The next Apple event is still over a week away, but the rumors are flying fast and furiously. Chief among them, at this stage: the Apple TV is to be revamped, re-positioned, and re-priced at somewhere south of $200 (versus today’s $69 model). It may or may not include a streaming TV service, as multiple observers suggest Apple is having trouble lining up content that matches its preferences…or, you know, maybe everything’s sorted, and it launches next week.

For all the hullaballoo about the machinations of one of the world’s most valuable companies, there’s a kernel of real importance here: Apple is renowned for its attention to detail and quality, and that is just what the industry needs. Viewing on connected TVs grew 380% in just the first quarter of this year and is on a tear. Soon, Internet-delivered TV may very well be primarily consumed on….well, a TV. Just as HBO partnered with Apple for the launch of HBO Now, soon we can imagine plenty of new, or upgrading, entrants looking to Apple to get their wares in front of consumers.
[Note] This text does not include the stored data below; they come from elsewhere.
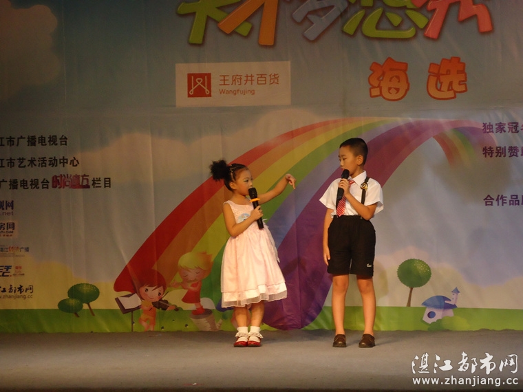 这么热闹的活动怎么少得了爱凑热闹的我呢。天真烂漫的孩子,满怀鼓励的家长,热闹非凡的赛场在我一到现场就吸引住了我的眼球。海选伴随着现场热闹的氛围展开了,可爱的孩子,稚趣的表演让在场的大人们忍俊不禁,也博得了在场评委与观众的阵阵掌声。赛事中途评委进行点评,评委老师认为孩子们的表演应该是天真可爱的,而上半场孩子们却少了一分笑容,多了一分紧张。这次点评为下半场的赛事提供了极好的参考。在下半场的比赛中,孩子们放松心情,笑得更欢了,舞得更美了,唱得更动人了。孩子们才华横溢,在这个下午大放异彩,让我也被现场的气氛感染了,这才是这个年龄的孩子们应该有的风华,这才是湛江真正的希望与未来。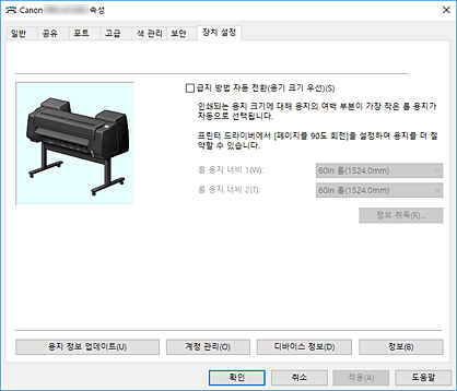 프린터에서 최신 용지 정보를 받아 프린터 드라이버의 용지 정보를 업데이트합니다. - 계정 관리(Accounting)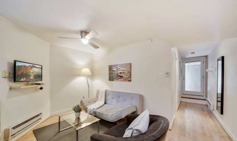 Get comfortable in this bright and well-designed basement residence featuring an open living layout with high ceilings and modern finishes. The kitchen offers stainless steel appliances, generous cabinetry, and a breakfast bar that flows naturally into the living area. The bedroom provides a cozy retreat with good closet space, and the bathroom includes updated fixtures and clean, contemporary style. An in-unit washer and dryer and central air conditioning add everyday convenience, while access to the backyard/patio creates a pleasant outdoor option. Bike storage is also available for added flexibility.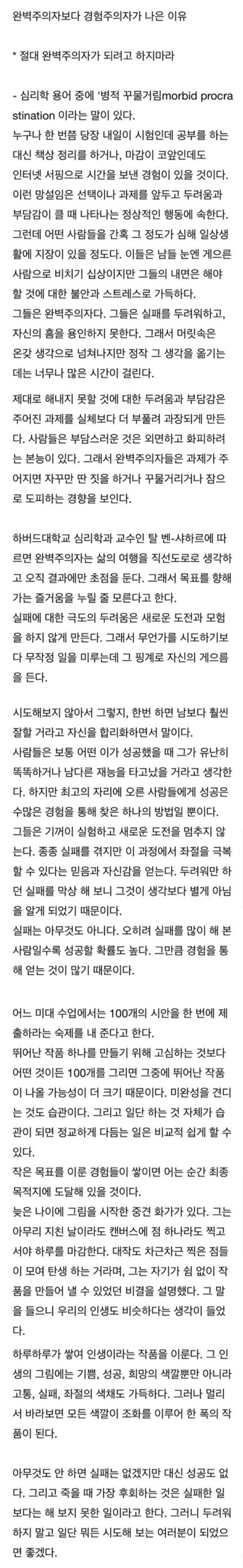 [스크랩] [흥미돋]절대 완벽주의자가 되려고 하지마라 작성자엥엥ㅇ|작성시간26.02.04|조회수7,741 목록 댓글 4 글자크기 작게가 글자크기 크게가 출처: 여성시대 모든게잘되기를빌 다음검색 스크랩 원문 : *여성시대* 차분한 20대들의 알흠다운 공간 현재 게시글 추가 기능 열기 북마크 공유하기 신고 센터로 신고 댓글 댓글 4 댓글쓰기 답글쓰기 댓글 리스트 작성자인조인간 | 작성시간 26.02.04 미완성을 견디는 것도 습관이다,, 넘 좋은 글이다 고마워 여샤!! 작성자다들힘내좋아좋내힘들다 | 작성시간 26.02.04 맞아 뼈에 새겨야지 작성자xnxbwkq | 작성시간 26.02.04 잘읽었어..! 저거원문 궁금하다..누가 쓰신걸까 작성자새끼고래 | 작성시간 26.02.04 좋은 글 고맙다. 댓글 전체보기

Thankfully, Apple was not the only company making waves last week. Amazon introduced HDR to its Prime service, rather a clever way of upping the viewing experience without saddling themselves with the higher bandwidth demands of true 4K. That early returns weren’t necessarily all that positive is part of the reality of a complicated delivery environment, and we expect to see rapid improvement in the end result very soon.

Meanwhile, Cablevision continues to double down on its experience syndication strategy, announcing an agreement to resell CBS All Access and the Showtime OTT service to its Internet customers. Since revealing that Internet services are 7 times as profitable as Pay TV, CEO Jim Dolan has put wood behind the arrow of shifting to a focus on selling the Internet and providing a sell-through for partners’ TV services. Don’t be surprised to see plenty more deals before this story is done.

In news of the ‘duh’ variety, a survey this week showed that cord cutters are looking for lower costs, not different content. It’s not clear who actually thought the opposite was true. However, there’s an important point here, because the parsimonious purveyor of OTT services is likely to be on a pathway to disappointment: the industry is not about to give up revenues along the way, and there are plenty of pieces out there already about the potentially false economies of cord cutting – for fun, go use the online tool from Slate to see how it would work in your household.

Finally let’s spare a thought for FX chief, John Landgraf, who literally says there is too much scripted content out there. While we can get onboard with the idea that sometimes there’s pressure to binge watch that next series, and that apparently binge watching can literally kill you, is there really so much that we need to slow it all down? In the end it’ll be about quality – not just of the experience, but of the content itself. So the more Game of Thrones and Better Call Saul shows we get the better, while the same cannot necessarily be said of repeats of the utterly bizarre Lyon’s Den (seriously, read the last paragraph and see what happens when a show gets cancelled).